Luciola deixa a bicicleta presa com cadeado nas grades da Piazza, aqueles fundos de cemitério com os restos mortais dos ingleses que morreram de peste, lúgubre recanto com lápides de pedra e musgo a poucos metros de Convent Garden e seus cafés abarrotados de turistas. Ela cumprimenta dois homens que se preparam para entrar em cena. Um joga malabares enquanto o outro com um nariz de bola vermelha equilibra-se em um monociclo. O palhaço tira do bolso do paletó um saquinho e faz cair sobre ela uma chuva fininha de purpurina prateada. Luciola sorri e manda um beijo. O palhaço simula uma queda e recebe uma salva de palmas. Luciola não olha para trás, porque o gerente do pub já está esperando por ela na porta.

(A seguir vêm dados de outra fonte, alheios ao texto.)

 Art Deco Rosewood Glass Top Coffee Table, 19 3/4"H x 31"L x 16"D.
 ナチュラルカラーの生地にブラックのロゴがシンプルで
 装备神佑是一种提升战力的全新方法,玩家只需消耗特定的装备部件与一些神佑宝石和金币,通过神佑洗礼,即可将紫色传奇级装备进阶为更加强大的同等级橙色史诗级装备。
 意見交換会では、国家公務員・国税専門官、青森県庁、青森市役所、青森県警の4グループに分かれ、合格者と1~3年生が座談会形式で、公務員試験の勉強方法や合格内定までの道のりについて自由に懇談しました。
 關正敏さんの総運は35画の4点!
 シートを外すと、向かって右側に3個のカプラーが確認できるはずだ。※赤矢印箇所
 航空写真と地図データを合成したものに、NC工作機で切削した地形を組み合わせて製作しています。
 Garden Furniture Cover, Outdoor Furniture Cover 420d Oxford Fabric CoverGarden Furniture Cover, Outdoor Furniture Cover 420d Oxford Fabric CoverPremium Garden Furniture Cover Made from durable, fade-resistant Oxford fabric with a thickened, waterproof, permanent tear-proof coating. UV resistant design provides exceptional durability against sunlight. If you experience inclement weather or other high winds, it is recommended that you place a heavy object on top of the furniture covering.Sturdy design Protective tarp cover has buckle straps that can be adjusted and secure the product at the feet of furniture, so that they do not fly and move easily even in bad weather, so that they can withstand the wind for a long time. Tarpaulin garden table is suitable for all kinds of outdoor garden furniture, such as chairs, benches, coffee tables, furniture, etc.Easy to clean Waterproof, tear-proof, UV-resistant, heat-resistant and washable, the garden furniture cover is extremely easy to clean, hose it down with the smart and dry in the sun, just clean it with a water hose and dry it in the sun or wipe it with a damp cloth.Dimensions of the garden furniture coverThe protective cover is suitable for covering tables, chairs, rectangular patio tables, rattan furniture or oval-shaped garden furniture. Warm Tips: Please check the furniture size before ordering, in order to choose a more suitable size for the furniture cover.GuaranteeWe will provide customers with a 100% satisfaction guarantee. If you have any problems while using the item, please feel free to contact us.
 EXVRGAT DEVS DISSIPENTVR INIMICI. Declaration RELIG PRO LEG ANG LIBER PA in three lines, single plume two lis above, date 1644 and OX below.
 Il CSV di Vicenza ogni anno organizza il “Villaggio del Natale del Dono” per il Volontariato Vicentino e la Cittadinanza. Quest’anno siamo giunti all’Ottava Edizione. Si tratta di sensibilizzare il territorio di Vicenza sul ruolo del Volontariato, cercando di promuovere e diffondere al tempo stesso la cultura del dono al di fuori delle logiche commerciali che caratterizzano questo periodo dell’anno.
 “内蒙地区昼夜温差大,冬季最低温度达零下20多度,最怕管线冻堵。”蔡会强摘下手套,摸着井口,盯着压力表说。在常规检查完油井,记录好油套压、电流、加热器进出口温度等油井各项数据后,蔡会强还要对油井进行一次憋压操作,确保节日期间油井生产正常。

“Hey, Simon, há quanto tempo…” O inglês já está mal humorado, incrível, vive mal humorado esse cara. Luciola nem pára, passa direto a seu lado e vai para o vestiário, uma micro sala que fica logo adiante da despensa e da adega, um cheiro de chulé misturado com roupas suadas e cebolas fritas. Lá dentro, apertam-se Carlo, Andrea e o cozinheiro Charlie. “Catzo, não tem lugar para você, garota, vai trocar de roupa no banheiro feminino.” “Ok, só preciso de minhas roupas que estão no armário.” Segue para o banheiro, espera uma cliente sair para finalmente trocar de roupa e colocar saia, meia e o eterno sapato preto fechado “que deve ser horrível, por motivo e requisito de segurança do mau gosto inglês”, gravatinha borboleta, camisa branca e avental com bolsos para colocar gorjeta, dinheiro, bloco e caneta. “Vamos lá, hoje quero fazer 50 libras em gorjeta, positive vibration.”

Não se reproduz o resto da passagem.